**Exercise details:**
Please transcribe the entries that follow exactly as they stand, skipping each picture.

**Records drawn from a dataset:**
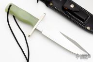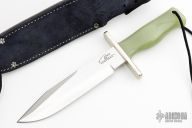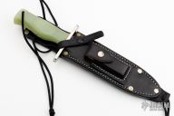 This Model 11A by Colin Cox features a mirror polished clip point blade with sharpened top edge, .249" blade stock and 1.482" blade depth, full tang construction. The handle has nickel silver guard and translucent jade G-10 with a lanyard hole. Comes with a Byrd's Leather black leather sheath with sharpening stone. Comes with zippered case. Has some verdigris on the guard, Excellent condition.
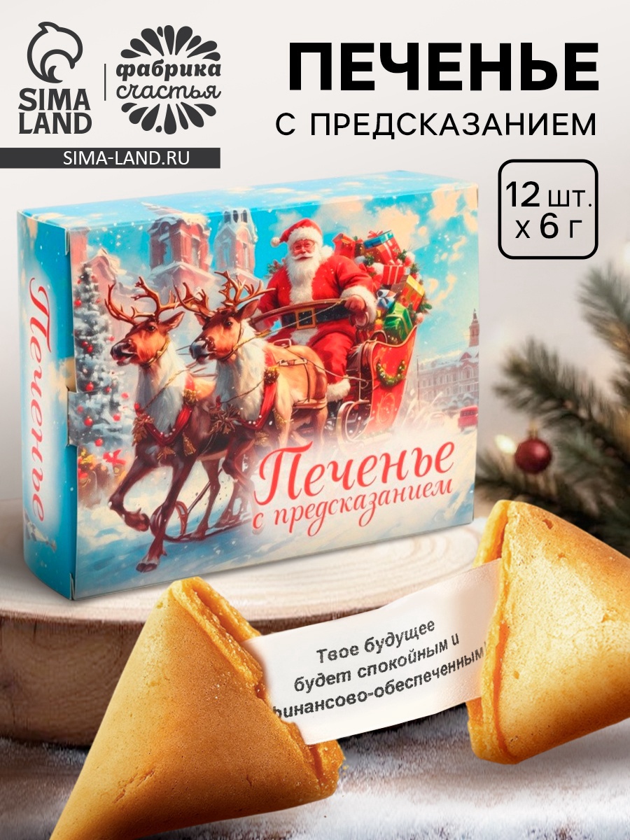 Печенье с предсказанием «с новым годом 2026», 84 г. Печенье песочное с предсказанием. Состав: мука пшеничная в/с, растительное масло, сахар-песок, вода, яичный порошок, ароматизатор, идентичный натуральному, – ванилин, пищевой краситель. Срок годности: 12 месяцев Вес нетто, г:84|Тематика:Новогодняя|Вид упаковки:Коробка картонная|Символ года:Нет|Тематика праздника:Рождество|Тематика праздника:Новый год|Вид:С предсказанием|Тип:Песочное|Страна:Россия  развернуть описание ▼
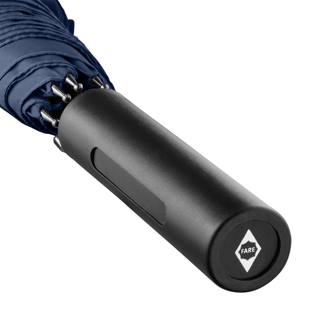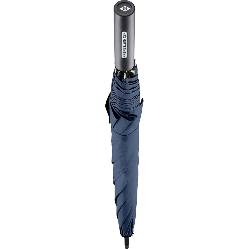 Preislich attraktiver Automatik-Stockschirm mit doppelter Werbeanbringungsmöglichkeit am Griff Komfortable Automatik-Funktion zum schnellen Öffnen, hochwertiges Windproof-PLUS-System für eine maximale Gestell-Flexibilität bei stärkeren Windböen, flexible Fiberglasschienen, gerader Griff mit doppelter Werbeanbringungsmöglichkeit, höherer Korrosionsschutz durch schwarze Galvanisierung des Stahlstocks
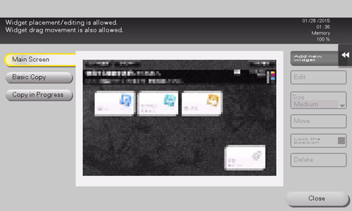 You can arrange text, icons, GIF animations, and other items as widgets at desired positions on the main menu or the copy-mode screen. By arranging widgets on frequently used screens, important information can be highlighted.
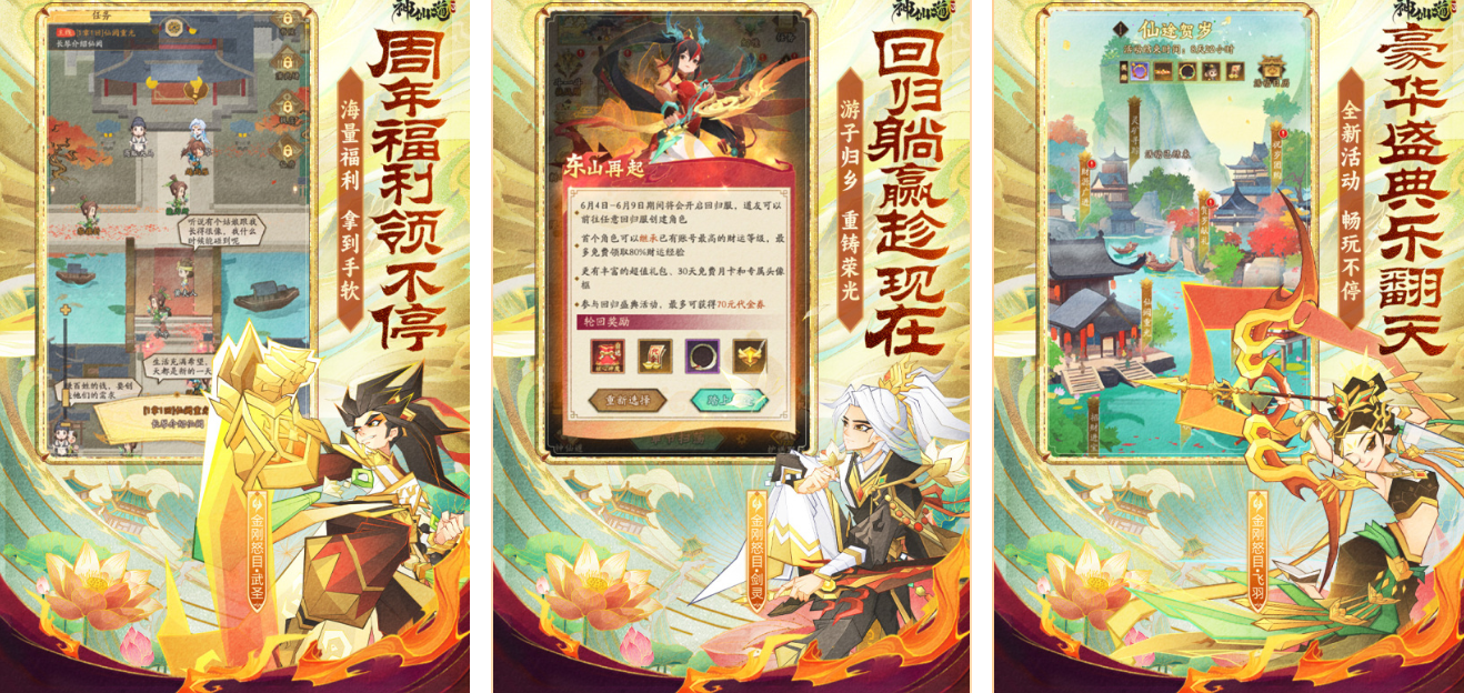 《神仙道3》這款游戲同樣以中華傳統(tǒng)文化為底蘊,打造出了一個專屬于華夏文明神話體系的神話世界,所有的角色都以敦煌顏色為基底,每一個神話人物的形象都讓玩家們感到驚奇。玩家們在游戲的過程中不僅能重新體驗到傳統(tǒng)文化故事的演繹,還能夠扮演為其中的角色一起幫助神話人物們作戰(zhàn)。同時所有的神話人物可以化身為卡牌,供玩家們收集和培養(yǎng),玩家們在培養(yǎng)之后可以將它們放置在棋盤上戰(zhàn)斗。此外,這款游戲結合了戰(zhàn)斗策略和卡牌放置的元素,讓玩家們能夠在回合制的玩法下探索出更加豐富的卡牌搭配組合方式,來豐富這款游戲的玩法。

**Output:**
 This Model 11A by Colin Cox features a mirror polished clip point blade with sharpened top edge, .249" blade stock and 1.482" blade depth, full tang construction. The handle has nickel silver guard and translucent jade G-10 with a lanyard hole. Comes with a Byrd's Leather black leather sheath with sharpening stone. Comes with zippered case. Has some verdigris on the guard, Excellent condition.
 Печенье с предсказанием «с новым годом 2026», 84 г. Печенье песочное с предсказанием. Состав: мука пшеничная в/с, растительное масло, сахар-песок, вода, яичный порошок, ароматизатор, идентичный натуральному, – ванилин, пищевой краситель. Срок годности: 12 месяцев Вес нетто, г:84|Тематика:Новогодняя|Вид упаковки:Коробка картонная|Символ года:Нет|Тематика праздника:Рождество|Тематика праздника:Новый год|Вид:С предсказанием|Тип:Песочное|Страна:Россия  развернуть описание ▼
 Preislich attraktiver Automatik-Stockschirm mit doppelter Werbeanbringungsmöglichkeit am Griff Komfortable Automatik-Funktion zum schnellen Öffnen, hochwertiges Windproof-PLUS-System für eine maximale Gestell-Flexibilität bei stärkeren Windböen, flexible Fiberglasschienen, gerader Griff mit doppelter Werbeanbringungsmöglichkeit, höherer Korrosionsschutz durch schwarze Galvanisierung des Stahlstocks
 You can arrange text, icons, GIF animations, and other items as widgets at desired positions on the main menu or the copy-mode screen. By arranging widgets on frequently used screens, important information can be highlighted.
 《神仙道3》這款游戲同樣以中華傳統(tǒng)文化為底蘊,打造出了一個專屬于華夏文明神話體系的神話世界,所有的角色都以敦煌顏色為基底,每一個神話人物的形象都讓玩家們感到驚奇。玩家們在游戲的過程中不僅能重新體驗到傳統(tǒng)文化故事的演繹,還能夠扮演為其中的角色一起幫助神話人物們作戰(zhàn)。同時所有的神話人物可以化身為卡牌,供玩家們收集和培養(yǎng),玩家們在培養(yǎng)之后可以將它們放置在棋盤上戰(zhàn)斗。此外,這款游戲結合了戰(zhàn)斗策略和卡牌放置的元素,讓玩家們能夠在回合制的玩法下探索出更加豐富的卡牌搭配組合方式,來豐富這款游戲的玩法。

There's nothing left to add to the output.